If the bullet is available with a disk brake then it's no brainer. I checked the RE Site, there is a version with disk.

Why I like the standard more- Upright riding position and not so wide handle bars. I can drive with a slight bent on my elbows. The Fz and Gixxers are very stable but after a while the posture is very irritating.
The RX is so loved because it has enough power to save you from tricky positions on the streets yet offers good riding posture.

For me when ever my elbows are straight I cannot steer the bike with ease. With the Enfield I can sit pretty forward and have my elbows slightly bent. I don't find the new model cumbersome to drive in Kochi's traffic as the sales guy said. I have used old left side brake bullets when I was in College, I do not find it intimidating.

If I can get a Bullet 350 with disk fitted that would be ideal but if it's not there I would fix it from the dealer. But not going out with drum brakes all around.

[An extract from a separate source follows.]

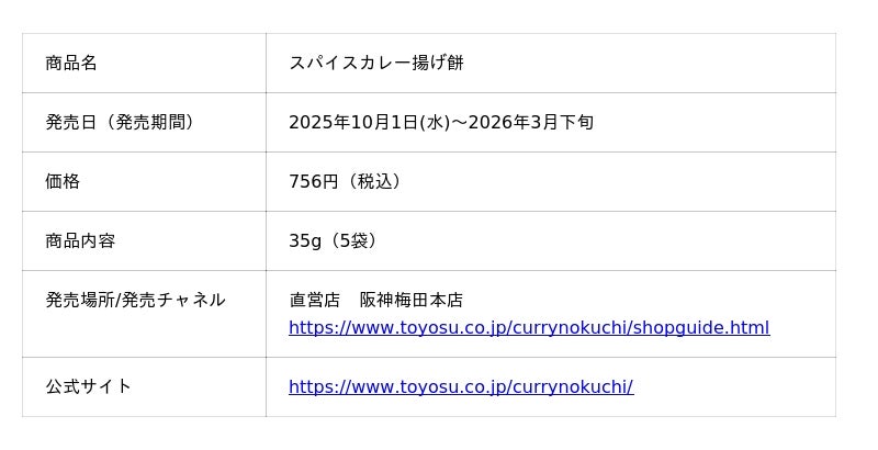 とよす株式会社(本社:大阪府池田市 社長:眞田 昌彦)は、阪神梅田本店に展開しているカレーせんべい専門店「カレーのくち」において、『スパイスカレー揚げ餅』を2025年10月1日(水)から期間限定で発売いたします。

I have considered the Unicorn I like it better than the Fz but still it's not as comfortable as the Bullet or RX.

It's quite ironic that the RX has to share it's responsibilities with a bike which was it's antithesis when the RX was launched.

Motorcycles has evolved so towards the sports bike segment that the only bike in production which has a good posture is the Bullet. The big fuel tanks and straight handle bars have made motorcycling painful and less enjoyable for me. I really wanted a Yamaha for reliability but the Fz, R15 are having insane riding postures.